Buku ini tidak disajikan dalam bentuk cerita dengan alur yang runtut, tokoh, dan konflik sebagaimana novel pada umumnya, melainkan berupa kumpulan renungan singkat tentang sikap hidup, keberanian, kegagalan, dan harapan. Sosok Kesatria Cahaya dalam buku ini bukanlah pahlawan yang sempurna, melainkan gambaran manusia biasa yang menjalani hidup dengan segala keterbatasannya. Ia pernah takut, ragu, dan jatuh, tetapi tetap berusaha bangkit dan melangkah maju. Melalui gaya bahasa yang tenang dan puitis, Paulo Coelho mengajak pembaca untuk melihat kehidupan secara lebih jujur dan manusiawi, tanpa harus menuntut kesempurnaan dari diri sendiri. Sesuai dengan tulisan yang terdapat di sampul buku “Kitab Suci Kesatria Cahaya” buku ini didesain seperti sebuah kitab rahasia seorang kesatria yang telah mencapai kemenangannya.
Kutipan yang menjadi favorit dalam buku tersebut adalah
“Setiap kesatria cahaya pernah merasa takut untuk terjun ke medan tempur. Setiap kesatria cahaya pernah berada di masa lalu, membohongi atau menghianati seseorang. Setiap kesatria cahaya pernah melangkahkan kaki di jalan yang bukan jalannya. Setiap kesatria cahaya pernah berkata ya ketika dia ingin mengatakan tidak. Setiap kesatria cahaya pernah menyakiti seseorang yang dia sayangi. Itulah sebabnya dia disebut kesatria cahaya, sebab dia telah melalui semua itu namun tidak kehilangan harapan untuk menjadi lebih baik daripada dirinya yang sekarang.”
Buku ini memberikan keberanian kita dalam menghadapi kegagalan. Setiap kesuksesan tidak datang dengan sendirinya. Keberhasilan hidup yang dialami oleh seseorang juga merupakan buah dari pahitnya kegagalan dan beberapa tindakan yang salah.

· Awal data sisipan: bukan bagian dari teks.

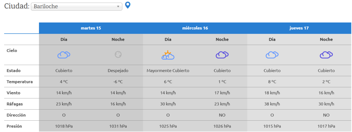 El martes 15 de julio se esperan vientos que alcancen los 45km/h. La máxima será de 15°C y la mínima de -4°C, con un cielo parcialmente nublado.
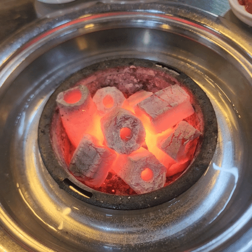 밑반찬이 나오고 조금 기다리시면 바로 숯불이 들어옵니다.
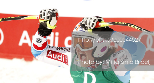: Winner and new women downhill World Champion Marion Rolland of France reacts in finish of women downhill race of FIS Alpine skiing World Championships in Schladming, Austria. Women downhill race of FIS Alpine skiing World championships Schladming 2013, was held in Schladming, Austria, on Sunday, 10th of February 2013.
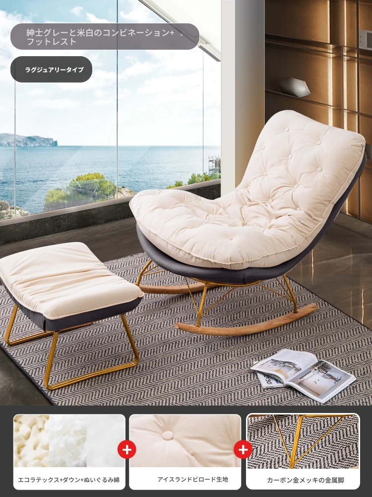 【豪華な無垢材脚品質版+フットレスト金色脚】【ベルベット】紳士グレーとクリームホワイト
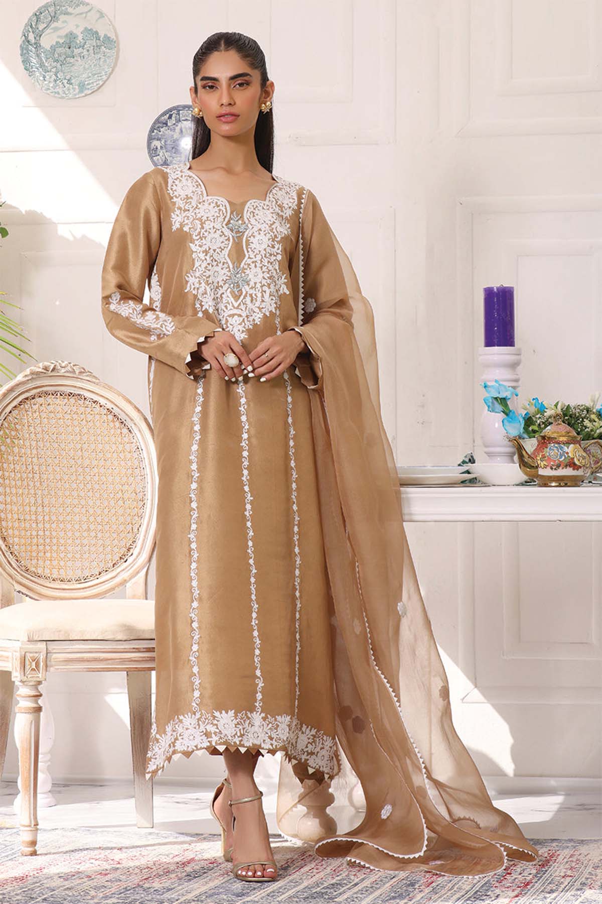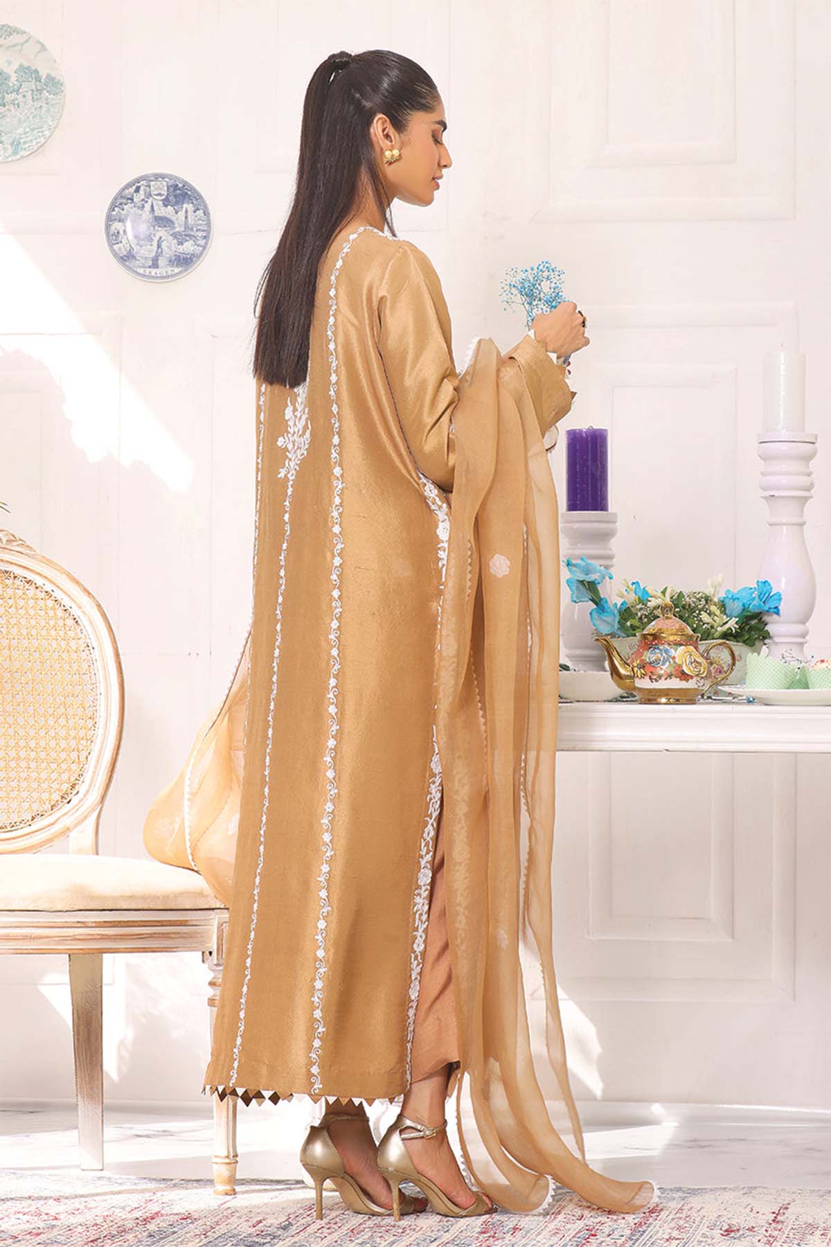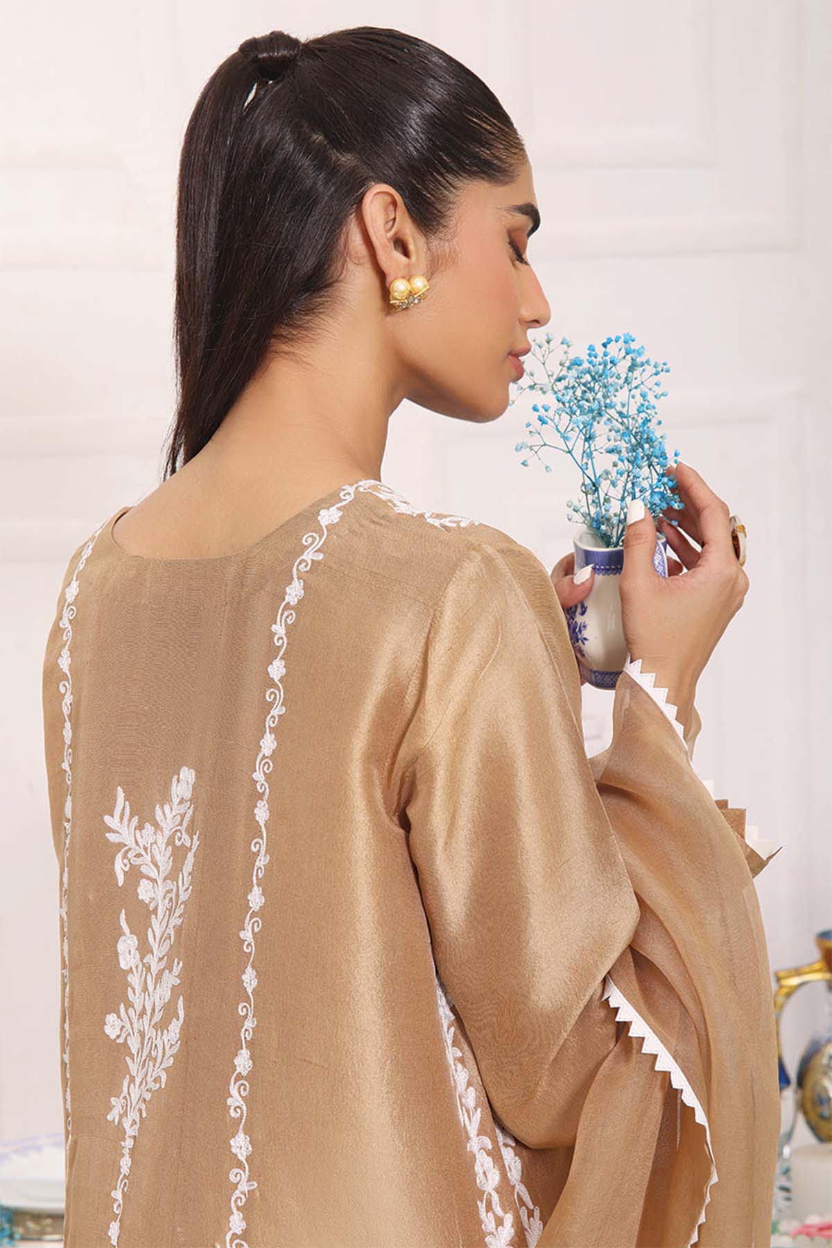 This Luxurious Raw Silk Panel Shirt Intricate Ari Embroidery Front And Back That Is Delicately Handcrafted To Perfection Detailed With Namak Para Lace Which Is Handmade Embellished With Handmade Buttons, Paired With Embroidered Organza Dupatta And Straight Trouser

“Kalau keputusannnya tepat, dia akan memenangkan pertempuran, kendatipun pertempuran itu berlangsung lebih lama daripada yang di harapkan. Namun jika keputusannya salah, dia akan kalah dan harus memulai dari awal lagi. Hanya saja dia melakukannya dengan lebih bijaksana. Namun begitu telah memulai, kesatria cahaya akan bertahan hingga akhir.”

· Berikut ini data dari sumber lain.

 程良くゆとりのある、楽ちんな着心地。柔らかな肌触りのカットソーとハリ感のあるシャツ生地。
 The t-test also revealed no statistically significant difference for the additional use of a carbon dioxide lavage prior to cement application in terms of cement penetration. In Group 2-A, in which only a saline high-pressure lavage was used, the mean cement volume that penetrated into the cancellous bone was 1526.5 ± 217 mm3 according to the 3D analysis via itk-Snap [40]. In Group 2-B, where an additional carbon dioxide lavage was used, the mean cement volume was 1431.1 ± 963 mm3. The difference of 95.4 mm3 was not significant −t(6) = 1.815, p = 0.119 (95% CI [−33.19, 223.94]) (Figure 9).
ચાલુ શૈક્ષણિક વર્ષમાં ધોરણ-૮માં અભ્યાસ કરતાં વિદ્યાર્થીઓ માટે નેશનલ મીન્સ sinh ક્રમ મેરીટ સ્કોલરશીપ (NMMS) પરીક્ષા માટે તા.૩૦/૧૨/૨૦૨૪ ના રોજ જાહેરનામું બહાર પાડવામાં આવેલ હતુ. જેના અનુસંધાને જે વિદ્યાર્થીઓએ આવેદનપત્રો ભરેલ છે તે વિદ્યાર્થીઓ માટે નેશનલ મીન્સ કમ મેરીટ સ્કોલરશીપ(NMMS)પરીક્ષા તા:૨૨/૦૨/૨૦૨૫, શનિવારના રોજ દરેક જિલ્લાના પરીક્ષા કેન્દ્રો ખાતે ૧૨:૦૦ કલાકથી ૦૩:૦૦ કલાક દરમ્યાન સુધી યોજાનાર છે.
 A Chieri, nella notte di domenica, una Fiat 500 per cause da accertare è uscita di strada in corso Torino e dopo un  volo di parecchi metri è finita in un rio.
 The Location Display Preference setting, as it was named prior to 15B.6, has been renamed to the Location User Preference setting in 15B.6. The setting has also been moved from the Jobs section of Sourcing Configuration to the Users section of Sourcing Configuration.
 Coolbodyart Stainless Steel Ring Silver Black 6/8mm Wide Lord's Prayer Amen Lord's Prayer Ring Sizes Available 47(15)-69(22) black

Buku ini banyak menunjukan kesalahan-kesalahan dalam kehidupan seorang kesatria cahaya dan cara untuk menghadapinya. Diceritakan dengan bahasa yang sederhana tanpa kesan menggurui. Setiap lembarnya berisi cara seorang kesatria berjuang jatuh bangun di medan peperangan.
“Manakala sedang letih atau kesepian, dia tidak memimpikan pria atau wanita yang jauh di mata, dia mendekat pada orang–orang di sampingnya dan menumpahkan kepedihan hati atau kerinduannya akan kasih sayang dengan senang hati tanpa rasa bersalah. Sang kesatria tau bahwa bintang terjauh di semesta ini menampakan diri dalam hal-hal di sekitar dirinya sendiri.”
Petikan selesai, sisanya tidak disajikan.